In this article, we investigate a prototypical nonlinear two-mode micromechanical resonator16 for which the response exhibits several complex long-term robust dynamic structures (RDSs, described more fully in Section 1 of the Supplemental Information), despite the fact that the resonator is only driven by a single harmonic drive. The RDSs constitute a set of links in phase space, which connect a number of branching points at which the dynamics can switch to another link. The links are dynamic structures resulting from fast-slow dynamics. In this experiment, the RDSs stretch to five orders of magnitude longer than the forcing signal period. Furthermore, the time evolution of the system is attracted to only flow along this network of RDSs, which are robust to noise and small perturbations.
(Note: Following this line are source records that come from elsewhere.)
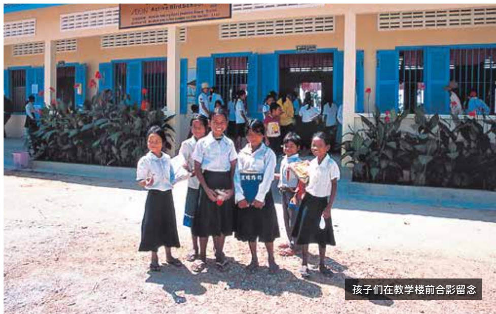
孩子们在教学楼前合影留念
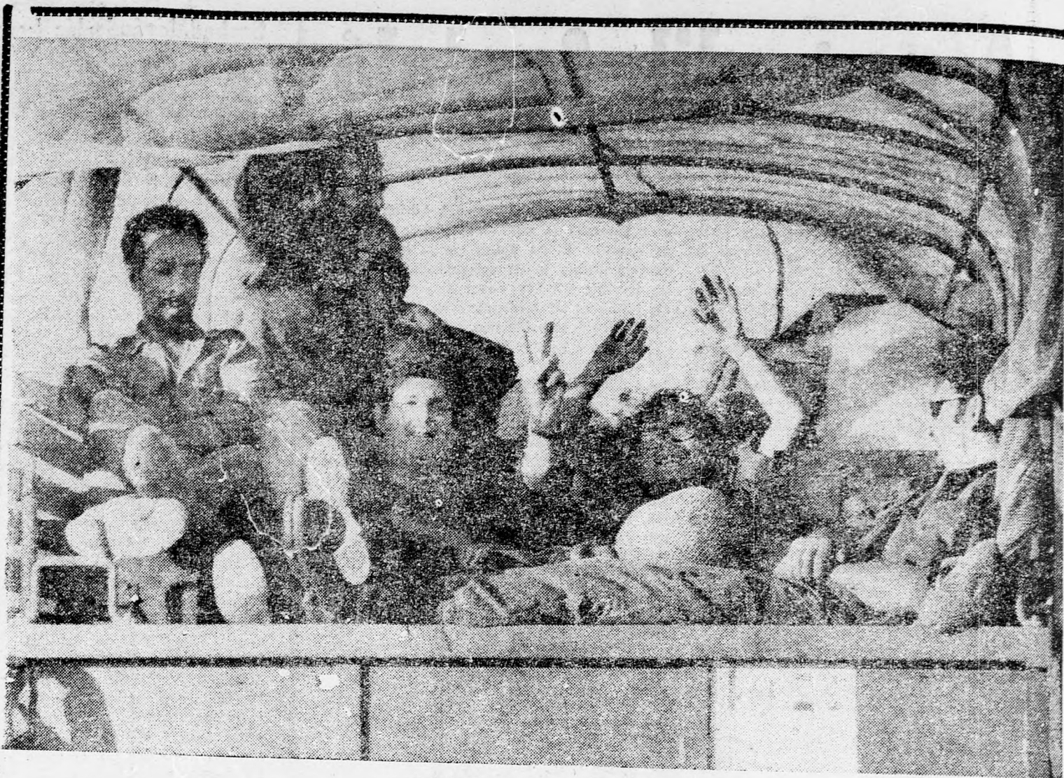
UTBAN A FRONTRA...
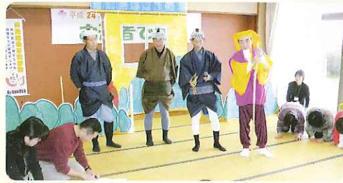
◀ 寸劇でわかりやすく

最初に、高須認定こども園の園児たちがフラフープダンスや絵描き歌を次々と披露してくれました。また園児たちは参加者の中に入り、一緒に絵を書いたり手遊びをしたりして遊びました。
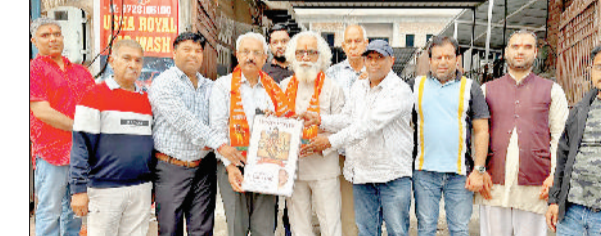
सोनीपत। अतिथियों का स्वागत करते हुए समिति के अध्यक्ष एवं अन्य।

स्मृति चिन्ह भेंट कर सम्मानित किया गया। ब्राह्मण समाज की एकता और संघटन को मजबूत बनाने पर विशेष जोर दिया गया। बताया गया कि समाज को जागरूक कर अधिक से अधिक लोगों को एकजुट करने की दिशा में प्रयास किए जा रहे हैं। कार्यक्रम के अंत में सभी उपस्थित लोगों ने समाज के हित में मिलकर कार्य करने का संकल्प लिया।
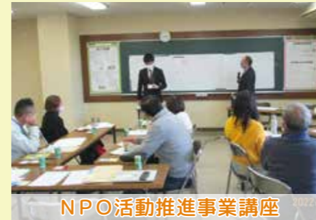
NPO活動推進事業講座

ボランティア・NPO活動は、どなたでも気軽にできる社会貢献活動です。 ボランティア・NPO活動の大切さが改めて見直される今、 みなさんも、自分に合った活動を見つけ、参加してみませんか。
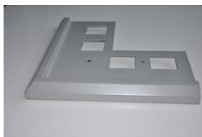
Narożnik 90 stopni DRIPCO
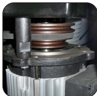
Tupí con 3 velocidades de rotación
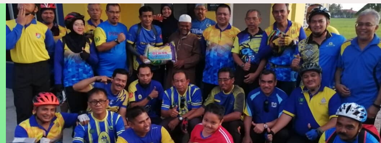
Sekitar IPK Polis Perlis pada 7 Januari 2020
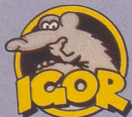
Abbildung in Originalgrösse
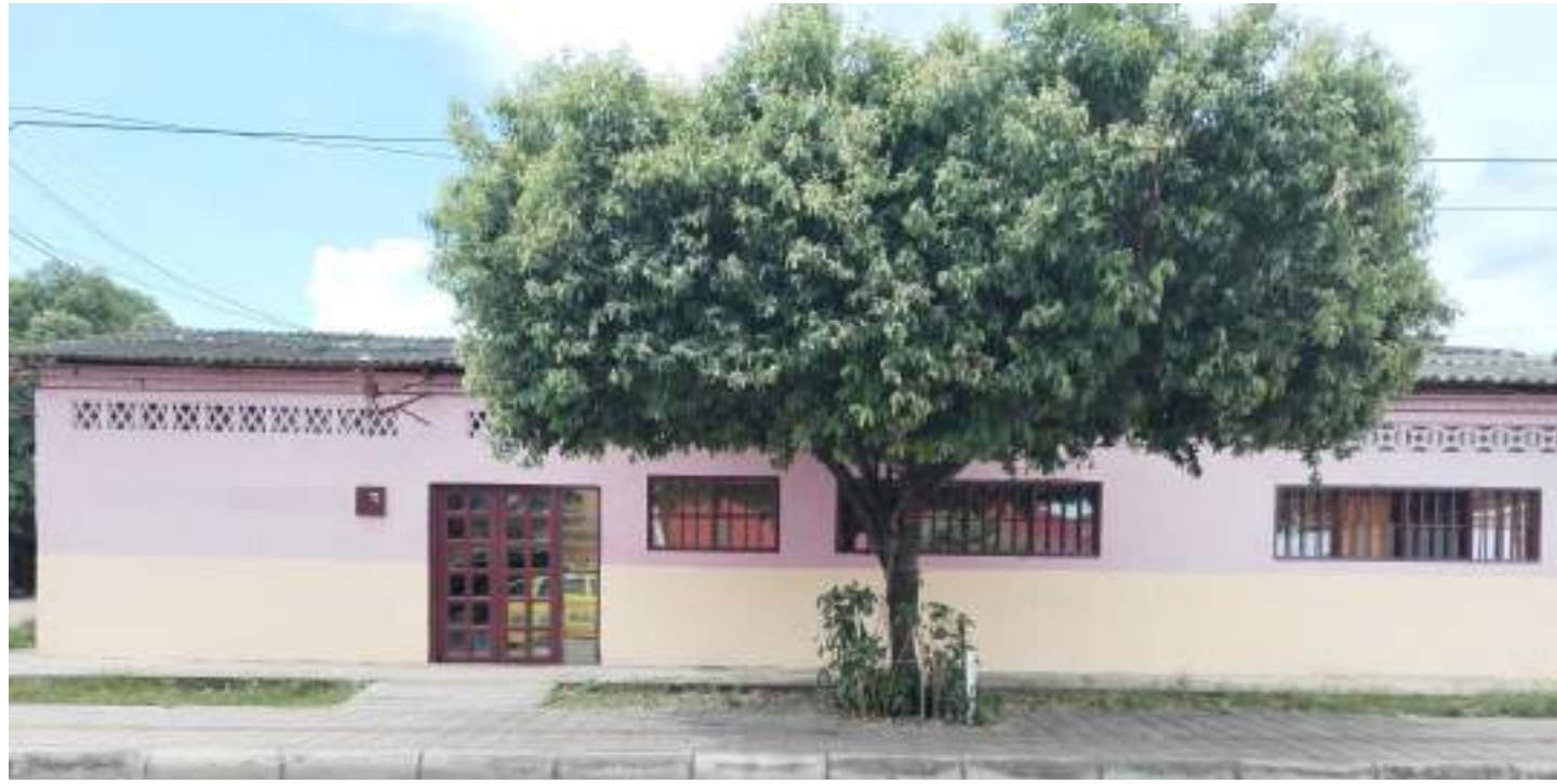
Una de las viviendas en litigio por parte de la JAC del barrio San Martín

Hence, the system evolves along a special kind of “strange attractor,” here referred to as robust response patterns (RRPs), constituted by combinations of the RDSs; see Supplementary Information 1.6 for details. Different RDSs can be accessed by adjusting the drive parameters, which results in activating more branching points and generating a plethora of RRPs. Furthermore, we show that it is possible to deterministically navigate between the branching points, via the robust links, by applying short well-timed control pulses close to the branching points. This enables flexible navigation among robust dynamic structures in mechanical resonators.

Results

Resonator response

The studied mechanical resonators are 3 μm × 10 μm × 500 μm mechanically tethered single crystal silicon beams, actuated and detected by capacitive comb drives; see Methods Section for details. The in-plane, flexural mode (Fig. 1a top) is harmonically driven with a near-resonant frequency, Ω, and amplitude, F, that is sufficiently large such that the response is in the nonlinear regime and dominated by a hardening Duffing nonlinearity. When the resonator response is driven with sufficiently large amplitude, where the frequency is relatively far detuned from the linear response, it enables a 3:1 internal resonance (IR) with an out-of-plane torsional mode16 (Fig. 1a bottom), i.e., the vibrational frequencies satisfy ωtors ≈ 3ωflex ≈ 3Ω (Fig. 1b). To more clearly visualize the resonator response, we demodulate the resonator output with the driving frequency to obtain the in-phase and out-of-phase quadratures so that all plots and sketches are in the rotating frame of reference (except for the data shown in (Fig. 2c)).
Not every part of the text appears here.